Pursuant to the above-mentioned draft rules and post public consultation, the Indian Tax Administration has now amended the said Rule through a notification dated 30 September 2019.

Detailed discussion

A primary adjustment is defined to mean the determination of a transfer price in accordance with the arm’s-length principle resulting in an increase in the total income or reduction in the loss of a taxpayer. A secondary TP adjustment has been defined to mean an adjustment in the books of accounts of the taxpayer and its AE to reflect the actual allocation of profits between the two is consistent with the transfer price determined under the primary adjustment.

As per the ITL, the secondary TP adjustment will be applicable where a primary TP adjustment to the transfer price: (a) has been made voluntarily by the taxpayer in the tax return; (b) made by the tax officer and has been accepted by the taxpayer; (c) is determined under an Advance Pricing Agreement (APA) entered into by the taxpayer; (d) is made as per the safe harbor rules; or (e) is arising as a result of a Mutual Agreement Procedure (MAP) resolution under a Double Taxation Avoidance Agreement.

The primary adjustment, if not repatriated to India within the prescribed time, shall be deemed to be an advance made by the taxpayer to such AE and interest on such advance shall be computed in the hands of the taxpayer in such manner as prescribed.

The Indian Tax Administration, through its notification dated 15 June 2017, issued rules prescribing the time limit for repatriation of a primary adjustment as well as the applicable rate for interest computation in cases where the primary adjustment is not repatriated to India. However, while implementing these provisions, certain difficulties were noted in respect of the primary adjustment that arises under an APA entered into by the taxpayer or on account of an agreement reached under MAP.

To address these difficulties, on 19 June 2018, the Indian Tax Administration issued Draft Rules pertaining to the application of “secondary adjustment” provisions in the case of an APA or MAP requesting public comments.

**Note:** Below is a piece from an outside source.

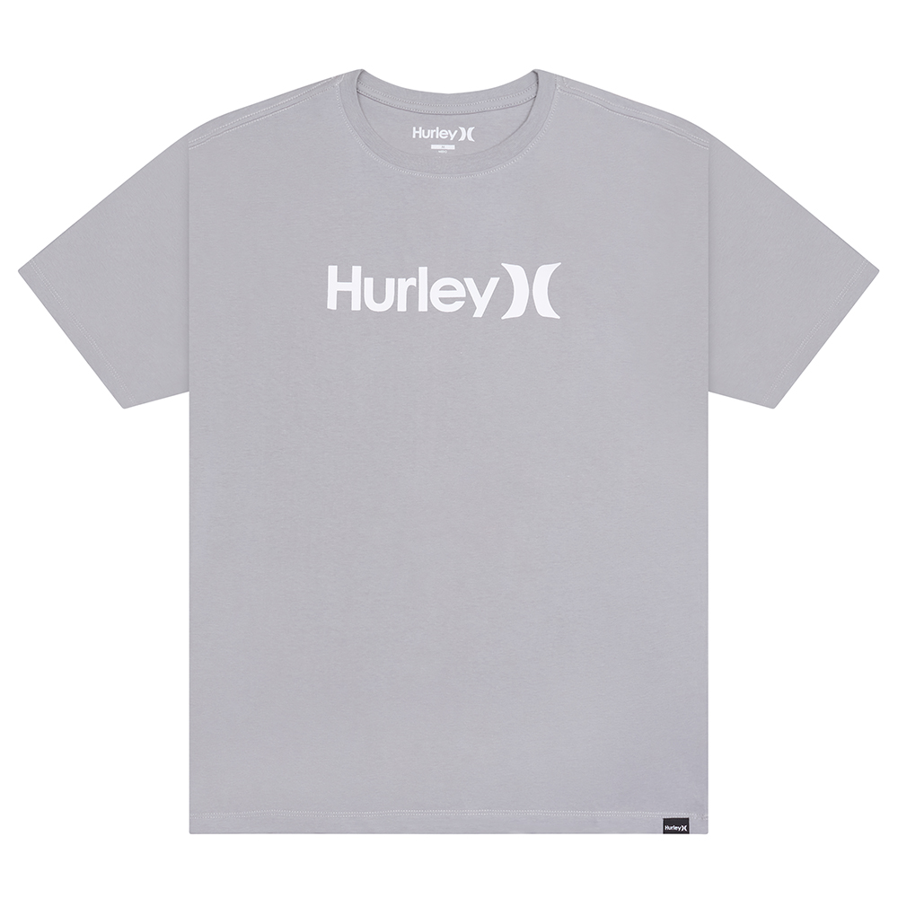 Camiseta Hurley feita em meia malha 30.1, gola rebatida, estampa localizada base d'agua e etiqueta clips ONE&ONLY na barra.

Pursuant to the above, the Indian Tax Administration, through its notification dated 30 September 2019, has now amended the said Rule1 not only in relation to the above-mentioned aspects which were covered in the Draft Rules, but also clarifying certain other aspects in relation to the computation of interest as detailed below.

In relation to the time limits for repatriation where the primary TP adjustment has been determined by an APA/MAP

Primary adjustment determined by
Old rule
Change proposed as per Draft Rules for public comments
New rule

APA

On or before 90 days from the due date for filing the tax return

On or before 90 days from the date on which the APA has been entered into by the taxpayer

  1. If the APA has been entered into on or before the due date for filing tax return for the relevant fiscal year –

    On or before 90 days from the date for filing the tax return

  2. If the APA has been entered into after the due date of filing the tax return for the relevant fiscal year –

    On or before 90 days from the end of the month in which APA has been entered into

MAP

On or before 90 days from the due date for filing the tax return

On or before 90 days from the date of giving effect by the tax officer to the resolution reached under the MAP

On or before 90 days from the date on which the tax officer gives effect to the MAP resolution

Other amendments

  • The reference to “excess money” available with the AE in the said Rule has been amended to “excess money or part thereof” thereby aligning the Rule to the recently amended Secondary Adjustment provision as per the ITL,2 providing the option of partial repatriation of such excess money.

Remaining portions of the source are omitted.